Journal of Alzheimers Disease & Parkinsonism
Open Access

Tau proteins play a role in the stabilization of microtubules. These proteins are found in abundance in nerve cells, while they are considerably less numerous in oligodendrocytes and astrocytes. Tau proteins are most active in the distal regions of axons, where they maintain microtubules while also providing flexibility. The proteins interact along with tubulin, a globular protein, to stabilize microtubules and assist tubulin assembly in microtubules. Tau proteins achieve their control of microtubule stability through isoforms and phosphorylation. In individuals with Alzheimer's disease (AD), tau protein fibrils are commonly found in the brain. These fibrils interfere with the proper transmission between brain neurons, causing the illness. However, it's not quite obvious what these deposits signify or how they're generated.

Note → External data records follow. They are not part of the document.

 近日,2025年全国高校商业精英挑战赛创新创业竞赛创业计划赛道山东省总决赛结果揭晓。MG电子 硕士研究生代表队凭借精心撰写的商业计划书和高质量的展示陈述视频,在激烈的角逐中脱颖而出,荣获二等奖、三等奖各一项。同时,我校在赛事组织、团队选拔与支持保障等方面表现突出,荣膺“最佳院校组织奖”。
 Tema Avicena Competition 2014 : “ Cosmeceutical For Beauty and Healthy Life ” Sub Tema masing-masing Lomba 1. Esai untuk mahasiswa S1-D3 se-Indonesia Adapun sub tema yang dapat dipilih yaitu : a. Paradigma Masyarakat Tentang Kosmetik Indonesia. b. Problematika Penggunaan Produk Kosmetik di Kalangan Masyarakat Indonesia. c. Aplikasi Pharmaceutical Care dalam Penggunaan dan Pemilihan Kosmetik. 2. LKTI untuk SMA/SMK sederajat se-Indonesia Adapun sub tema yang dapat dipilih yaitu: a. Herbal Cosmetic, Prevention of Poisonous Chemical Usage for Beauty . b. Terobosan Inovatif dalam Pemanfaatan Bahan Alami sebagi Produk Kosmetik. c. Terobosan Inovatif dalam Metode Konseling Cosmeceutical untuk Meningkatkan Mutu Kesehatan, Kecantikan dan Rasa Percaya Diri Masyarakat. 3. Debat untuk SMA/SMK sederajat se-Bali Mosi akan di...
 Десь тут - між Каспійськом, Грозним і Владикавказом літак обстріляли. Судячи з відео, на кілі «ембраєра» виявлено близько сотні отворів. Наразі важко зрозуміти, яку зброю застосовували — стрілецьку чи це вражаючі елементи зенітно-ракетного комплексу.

Tau proteins are found in brain tissue in six distinct isoforms. Their binding domains allow them to be distinguished from one another. Their binding domains allow them to be distinguished from one another. In three of the tau protein isoforms, there are three binding domains, while in three other proteins, there are four. The binding domains are found in the carboxyl-terminal end in the protein. An alternative splicing gene called MAPT produces the tau protein isoforms (microtubule-associated protein tau). They were discovered in 1975 by Marc Kirschner's laboratory at Princeton University. In addition, they are all positively charged, thus they can attach to microtubules that have a negative charge.

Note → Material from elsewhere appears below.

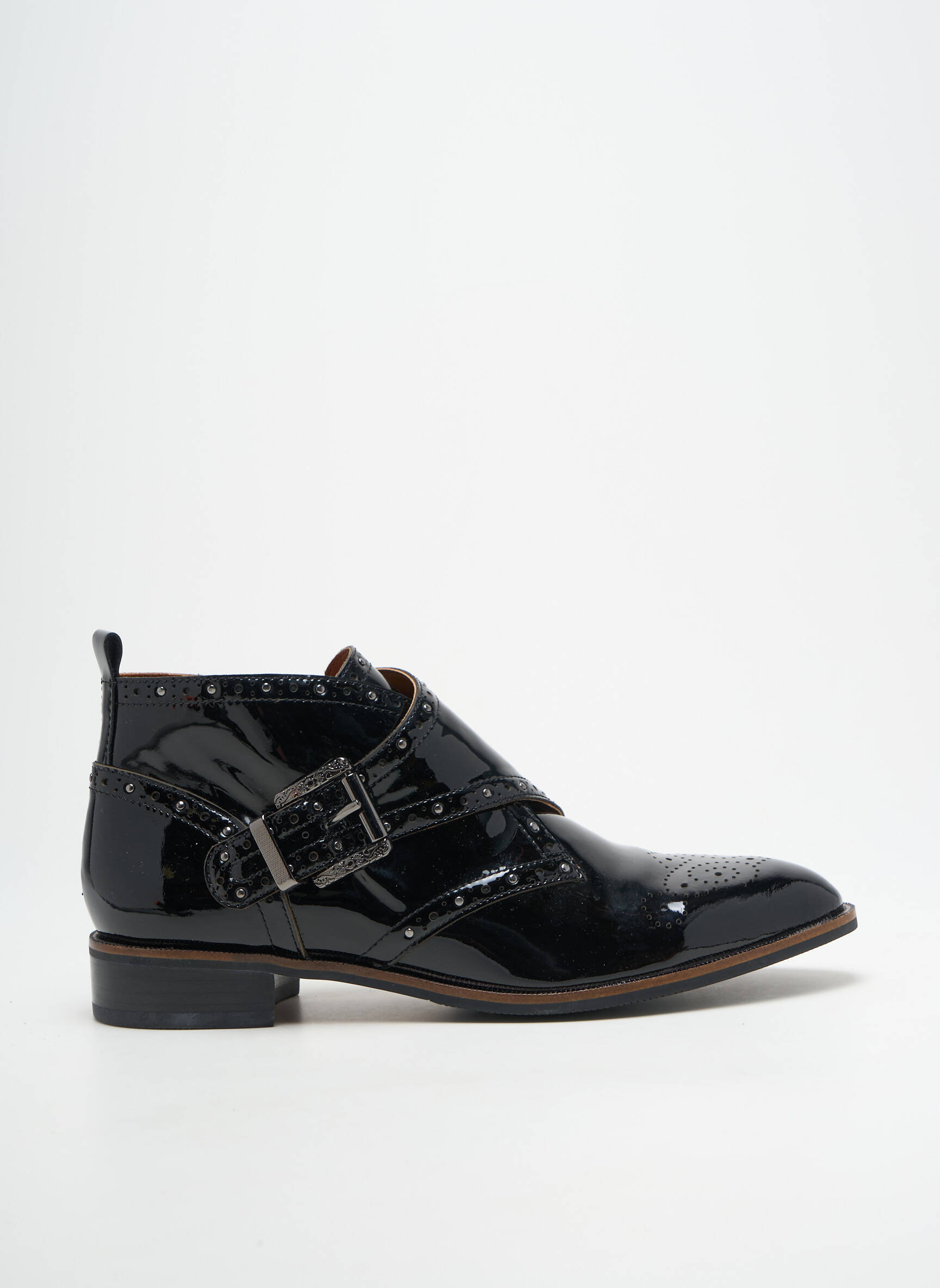 Craquez pour ces boots MAM'ZELLE au style résolument moderne, proposées à prix mini pour un look chic sans vous ruiner. Leur finition vernie noire apporte une touche élégante et brillante, tandis que le détail perforé à l’avant et la boucle métallique latérale ajoutent juste ce qu’il faut d’originalité. Profitez d’un vrai bon plan pour donner du caractère à toutes vos tenues, sans faire de compromis sur la qualité ni sur votre budget.

Protein kinases, such as PKN, are involved in the phosphorylation of tau protein. Phosphorylation via activated PKN disturbs microtubule structure by phosphorylating tau. Helical and straight filaments can be caused by hyperphosphorylation of tau proteins (referred to as neurofibrillary tangles). They contribute to Alzheimer's disease pathogenesis. Alzheimer's pathology shares certain similarities with prion disorders, according to some elements of the pathogenesis. Research demonstrates that all six tau isoforms are commonly observed hyperphosphorylated in paired helical filaments when a brain affected by Alzheimer’s disease is examined. It also suggests that tau proteins may be produced through an exosome-based process in Alzheimer's disease. In certain other neurodegenerative disorders, abnormal aggregates enriched in tau isoforms have also been detected.

Tau is unique among proteins in that it does not have a definite structure. It is described as "intrinsically disordered" and has the ability to take on a variety of forms. Its intrinsic disorder makes it very difficult to elucidate its structure using otherwise routine and extremely useful studies such as X-ray analysis of molecular structure, due to the great flexibility such an attribute bestows. New active tau proteins were identified to facilitate researchers in their investigation of tau aggregation, which is a distinctive feature of neurodegenerative disorders such as Alzheimer's. Tau aggregation can be induced by tau PFFs that attract monomers to form larger tau fibrils. In thioflavin T tests, active tau monomers combined with active tau PFFs resulted in an increase in fluorescence, indicative of tau fibrillization. While fulllength PFFs may be more effective at seeding fibrillization, a mixture of the two can be potentially toxic to neuronal cells. There are several ways to fibrillize tau. The most common way is to use Heparin scaffolding.